Fish are among the cheapest of pets. Because they're so small and plentiful,
you can get a goldfish at most department stores for under a dollar. Of course,
once you buy your goldfish you can't just slap some water in a plastic container and call it home. You have to buy an aquarium, and that can
be an expensive prospect. Don't let that keep you from having a pet, however.
You can build a functional home for your scaly new friend on a budget. Just use
these hints and tips as a guideline and things should go swimmingly.
Obviously the first step to building a budget aquarium is to reduce your expectations.

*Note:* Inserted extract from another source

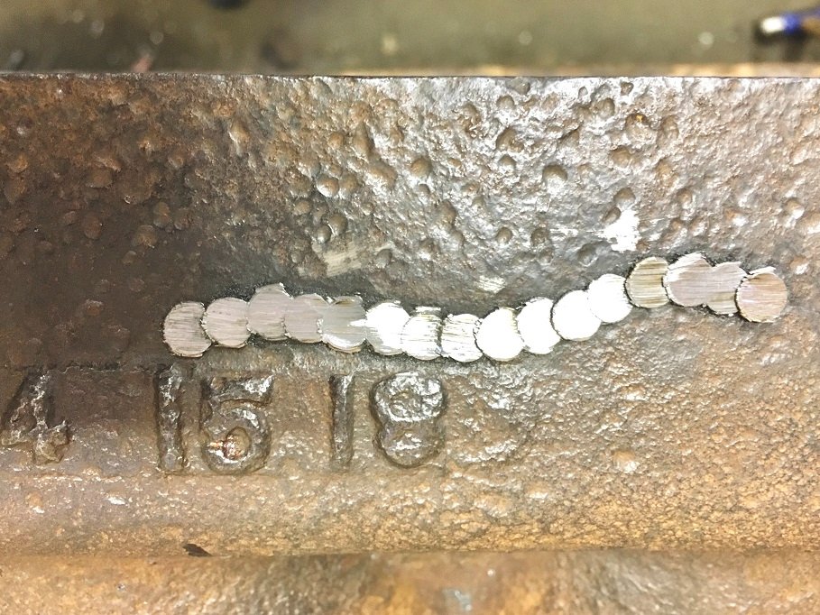 I decided to try the Lock-n-Stitch method to repair a freeze crack in a 1918 block. This crack was an easy fix as the parent material was thick enough to catch plenty of threads on the pins. Here are the before and after pics. I still have to grind the heads of the pins down to the surface of the block and use a de-scaler to reintroduce the original casting texture look.

A thousand gallon enclosure with a self cleaning system, specialized lighting
and decorations that look like they belong to a school of interior
design for fish will probably cost more than your own car,
so reign in your shopaholic instincts. Fish can survive with nothing more than
the tank and an aerator, so buy those first and then see what you have left
over in your budget for decorative gravel and accent plants.
Your fish's memory is four seconds long and its brain is about the size
of the head of a pin, so don't worry about it being insulted if you buy
its housing equipment used. Look in the classifieds section of the local paper,
at flea markets, and online for second-hand aquariums and aquarium supplies.

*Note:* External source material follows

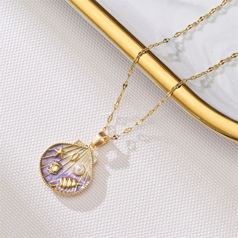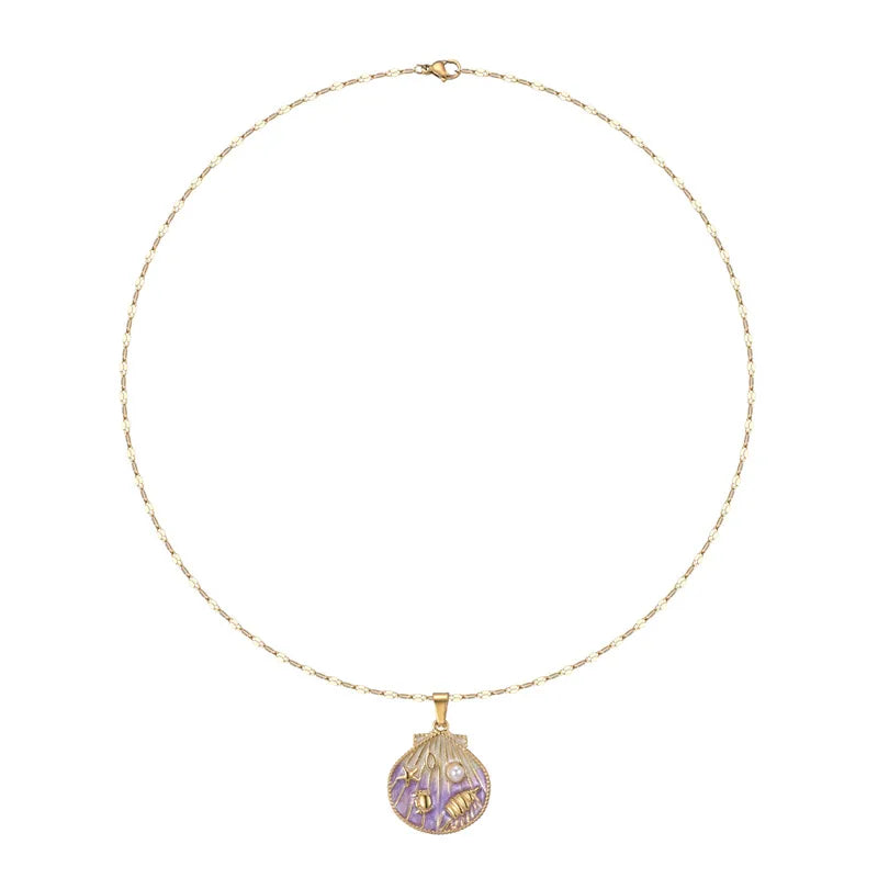 Purple Gradient Oil Drop Shell Pendant Necklace

There are always people who are moving or upgrading their supplies and looking
to get rid of aquarium equipment. If you buy used, you can afford a bigger tank,
more sophisticated equipment, and better decorations because the prices will
most of the time be less than half of what you would pay at a department store.

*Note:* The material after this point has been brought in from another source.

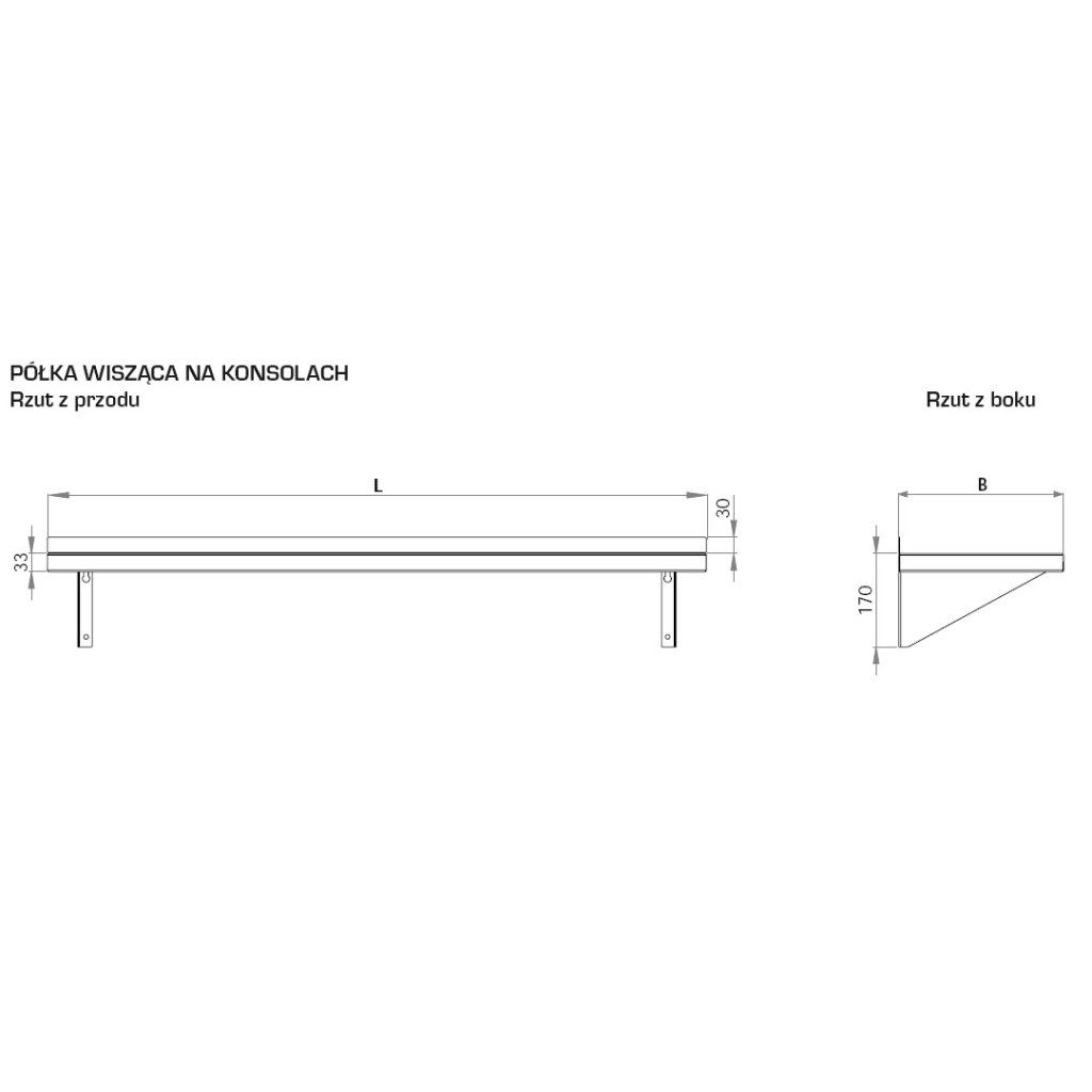Police závěsná na konzolích 1400x300x170 mm vyrobená z kvalitní nerezové oceli. Police svařovaná.Doplňkové parametry

And they're as good as brand-new and a cleaning is all they need and they'll be ready to go.
While it's not a good idea to try and build you own staple items like
a tank or an aerator, you can accessorize your tank with everyday items from
around the home. Stalks and leaves that have fallen off your plastic plants
can make nice little hidey holes for Goldy, and trinkets or tools can give the
aquarium a decorative theme. For instance, you could use counterweights to hold
down a plastic Halloween skull for a spooky at-home rendition of Davey Jones'
locker. One thing you should remember before putting household items in an aquarium,
however, is to make sure they're not made of a material that will leech
chemicals into the water and potentially harm your fish. Of course it goes without
saying that you should give all accessories a thorough cleaning before you place
them in the tank.
So you see? You don't need a million dollars for a diamond sheen aqua
finishing solution or a colony of live coral to make a habitable place for your
gilly buddies. All it takes is a little thinking outside the box.